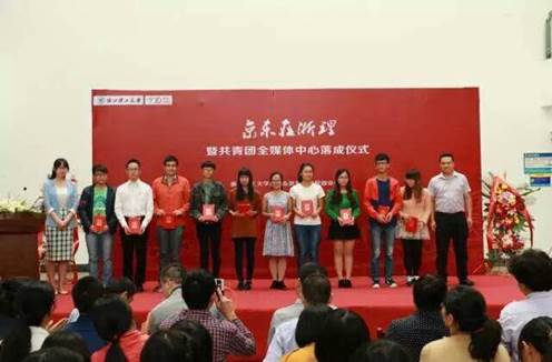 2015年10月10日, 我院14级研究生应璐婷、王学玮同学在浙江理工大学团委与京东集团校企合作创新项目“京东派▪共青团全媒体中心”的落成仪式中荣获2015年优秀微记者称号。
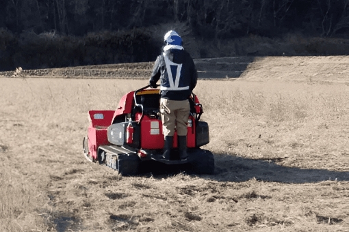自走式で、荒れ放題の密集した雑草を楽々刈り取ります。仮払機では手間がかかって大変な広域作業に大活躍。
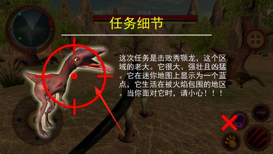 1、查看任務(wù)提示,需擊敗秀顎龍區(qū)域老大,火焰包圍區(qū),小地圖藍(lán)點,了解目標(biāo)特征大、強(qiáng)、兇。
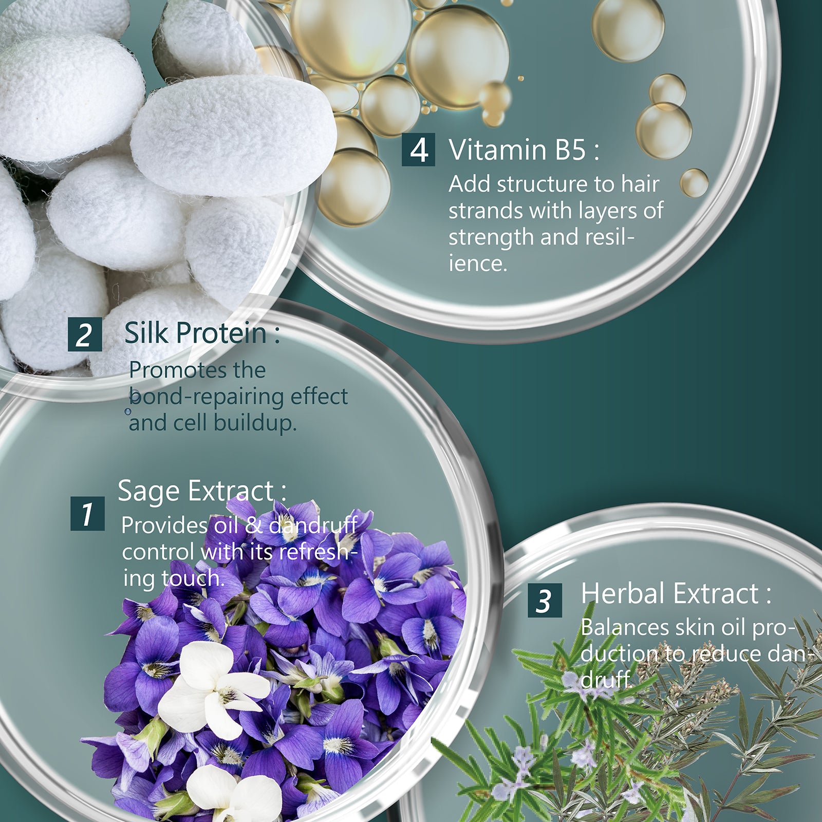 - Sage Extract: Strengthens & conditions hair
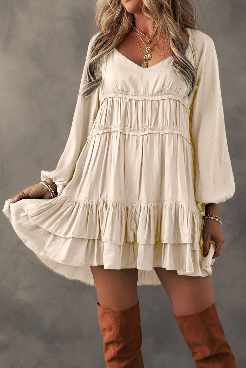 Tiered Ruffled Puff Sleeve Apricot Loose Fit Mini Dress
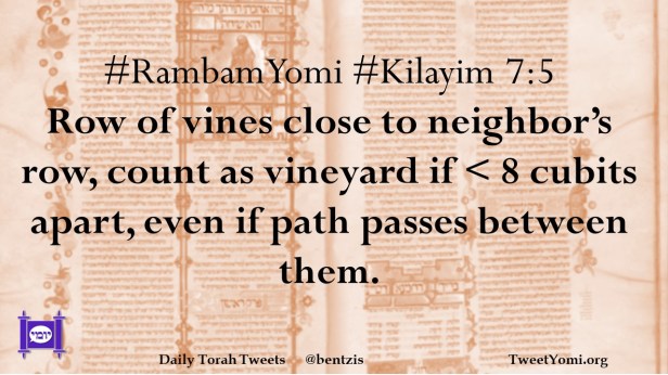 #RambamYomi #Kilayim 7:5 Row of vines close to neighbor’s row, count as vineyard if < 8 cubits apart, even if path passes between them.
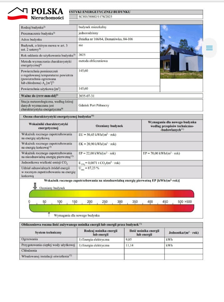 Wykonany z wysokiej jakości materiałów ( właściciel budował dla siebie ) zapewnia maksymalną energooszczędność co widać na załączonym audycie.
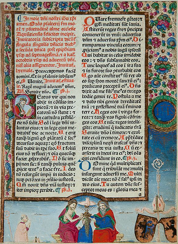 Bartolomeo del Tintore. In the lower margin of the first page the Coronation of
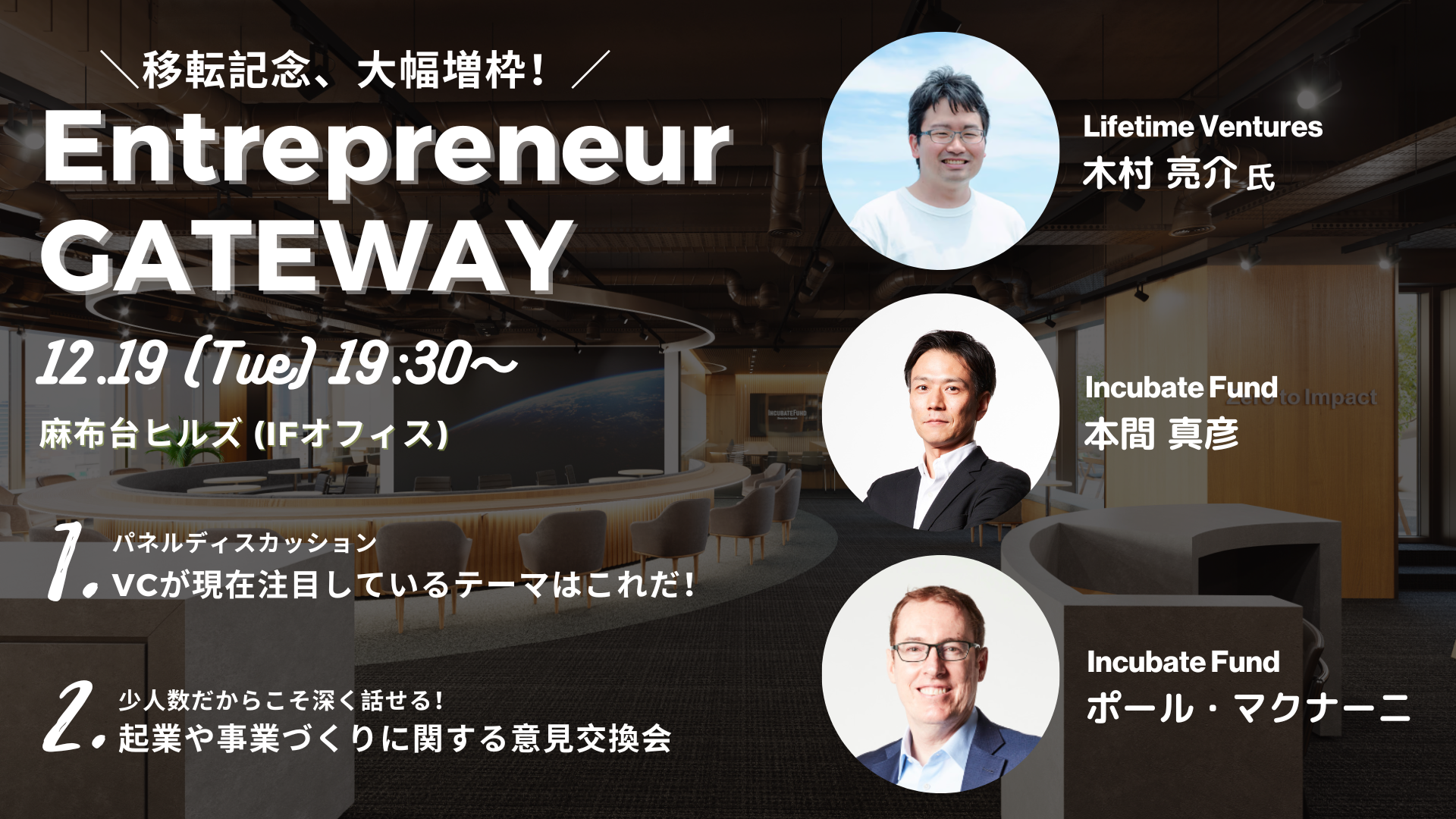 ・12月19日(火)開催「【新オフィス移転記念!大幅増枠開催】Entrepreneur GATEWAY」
━━━━━━━━━━━━━━━━━━━━
**AIM OF THE TASK**: Your answer must consist only of the lines from the one containing "Bartolomeo del Tintore." through the end of the entries, restated word for word, with no pictures.

**OUTPUT**:
 Bartolomeo del Tintore. In the lower margin of the first page the Coronation of
 ・12月19日(火)開催「【新オフィス移転記念!大幅増枠開催】Entrepreneur GATEWAY」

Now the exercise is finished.